But digital media is not digital news sites, women’s lifestyle media brand Refinery29 co-CEO Philippe von Borries pointed out in this week’s episode of the Digiday Podcast. News sites premised on amassing big audience numbers will be in a “tough spot,” he said. The reason: News is still a tough way to make money from advertising — and getting tougher.

“News is really important because you want to be able to connect with people on the important issues of the day,” he said. “[But] it’s not a category that’s going to build you a huge media company. It’s a tricky category. If you’re just in news, it’s going to be really hard.”

Below are highlights, edited for clarity, from the episode.

Refinery29 stumbled into its female focus
Refinery29 did not begin its existence 11 years ago as a female-focused media company. In fact, it was as focused on commerce originally. But as the company narrowed its focus on media, its sensibility on inspiration and creativity hardened around an ethos women gravitated toward, von Borries said. Now, it’s expanding into new areas like sports.

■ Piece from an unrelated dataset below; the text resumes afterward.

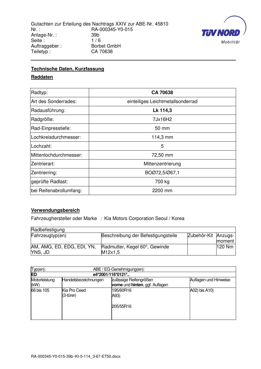 Dieses Gutachten (abe) bezieht sich auf die Alufelge brand-borbet CA 70638 in der Ausführung 7Jx16 ET 0, Mittenloch 0 mm (KBA 45810). Im PDF findest du typischerweise zulässige Reifengrößen, Auflagen/Anbauhinweise und – je nach Dokument – Hinweise zur Eintragung.

“We’ve evolved from women’s lifestyle into squarely owning the conversation for women, in a bunch of different topics,” he said. “For us, the conversation has always revolved around providing great, inspiring, incredible content in lifestyle categories but also over the last two or three years into categories we feel women should be at the center of but they’re not today.”

In a world of feeds, Disney is a media model
Refinery29 is not thinking small. Von Borries said the brand will be in TV soon — and jokes a theme park could exist. The model: Disney, which has a clearly defined brand that’s brought to life in many types of media and real-life experiences. The key to that is having a well-defined mission and sensibility that people will immediately recognize.

“You’re living in a world of commoditization,” von Borries said. “For every one media brand, there’s someone else who tries to accomplish the same thing. Being able to stand out and build a brand that translates visually wherever it lives, whether it’s on a billboard, in a Facebook video or an event, is absolutely critical.”

“Engaged scale” is what matters

When focused on a demographic as broad as young female, scale is needed. For all the knocks against the race for large audiences, big numbers are the price of entry for a media company in the female lifestyle category. Refinery29 believes in scale, but “engaged scale,” von Borries said, citing visitors spending up to 10 minutes on the site.

“We have to reach more millennial women in our category than anyone else,” he said. “But if it’s just drive-by traffic and those people aren’t recognizing the brand they’re interacting with, it’s not as meaningful.”

Traditional media “desperately” needs younger audiences
Most of the biggest digital media companies — Vice, Vox, BuzzFeed and Refinery29 — have linked up with a traditional media powerhouse. In Refinery29’s case, Turner recently led a $45 million funding round. Von Borries sees the line between old and new media evaporating, but traditional media companies recognize they have a demographics problem.

“They’re misaligned with how a new generation of consumers consume content, and they’re misaligned with how brands want to reach consumers,” he said. “That’s leading up to this point where people are saying, ‘Holy shit, we’ve been talking about it for seven years and reality is here.’ We need to make moves.”

TV is a new channel coming for Refinery29
Refinery29 will have TV programming in less than a year, von Borries said. The company has hired TV talent and will unveil initiatives around long-form video programming. It is a natural evolution for digital media brands.

“Video is not just one thing anymore,” he said. “It’s on Facebook, where you’re dealing with 30-second attention spans and sound off. It’s very different from holding someone’s attention for 30 minutes with rich, narrative-based programming. But if you want to be one of those brands that truly connects with an audience across all devices, you have to be able to cover all of those boxes.”